Exercise objective →
Copy out all of the lines below exactly; the pictures do not belong in the copy.

Collected material →
========================================================================

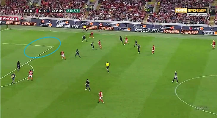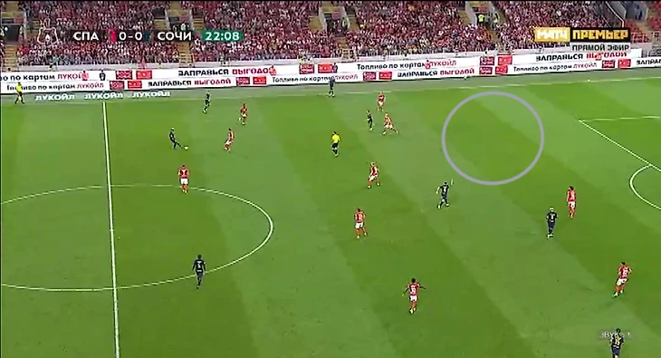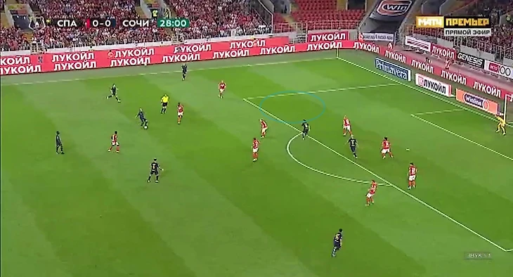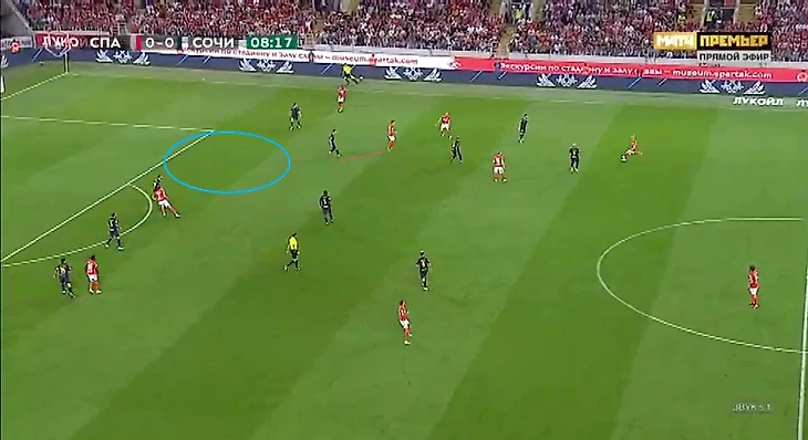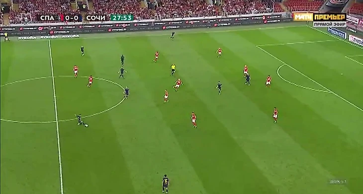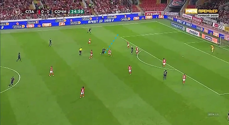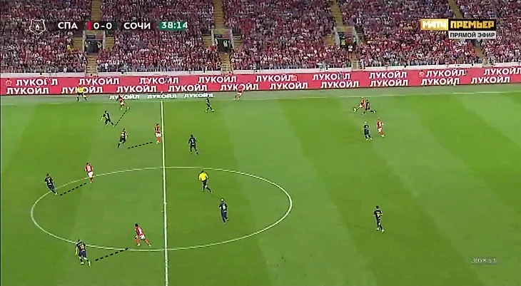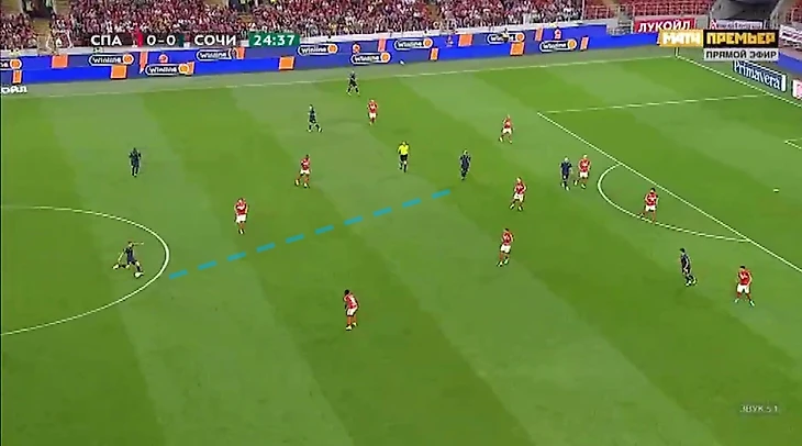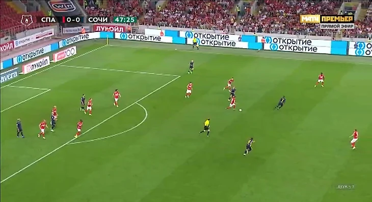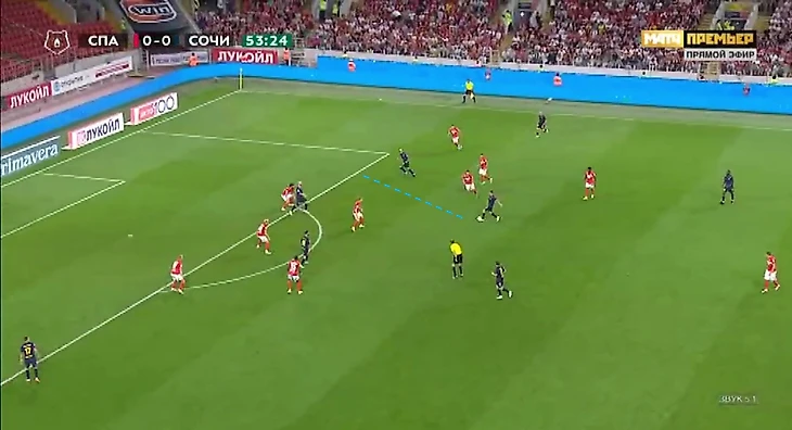 Абаскаль использовал два варианта развития атак. Игнатов заставлял выдёргиваться одного из центральных защитников и старались использовать пустую зону. Это было похоже на атаки «Сочи», но команда Гаранина почти всегда успевала перестраиваться: на противоположном фланге фулбек опускался в одну линию с защитниками, что не позволяло «Спартаку» растягивать последнюю линию.
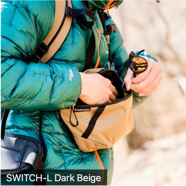 SWITCHの背面スリットにザックのウエストベルトを通して、サイドポケットとして使う事もできます。
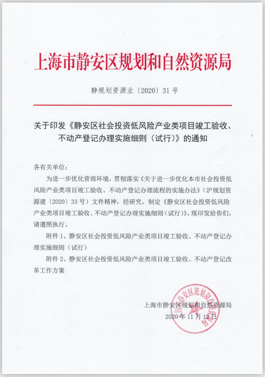 在静安区规划资源局牵头、区审改办推动下,区建管、绿化、环卫、交通、交警、卫生、民防、房管、税务、不动产登记等部门参与讨论研究,区规划资源局于去年4月出台《静安区社会投资低风险产业类项目竣工验收、不动产登记办理实施细则(试行)》,将竣工验收及不动产登记全流程审批时间从1个月压缩至5个工作日(3.5+1.5),受理材料精简幅度达70%。

========================================================================

Exercise answer →
 Абаскаль использовал два варианта развития атак. Игнатов заставлял выдёргиваться одного из центральных защитников и старались использовать пустую зону. Это было похоже на атаки «Сочи», но команда Гаранина почти всегда успевала перестраиваться: на противоположном фланге фулбек опускался в одну линию с защитниками, что не позволяло «Спартаку» растягивать последнюю линию.
 SWITCHの背面スリットにザックのウエストベルトを通して、サイドポケットとして使う事もできます。
 在静安区规划资源局牵头、区审改办推动下,区建管、绿化、环卫、交通、交警、卫生、民防、房管、税务、不动产登记等部门参与讨论研究,区规划资源局于去年4月出台《静安区社会投资低风险产业类项目竣工验收、不动产登记办理实施细则(试行)》,将竣工验收及不动产登记全流程审批时间从1个月压缩至5个工作日(3.5+1.5),受理材料精简幅度达70%。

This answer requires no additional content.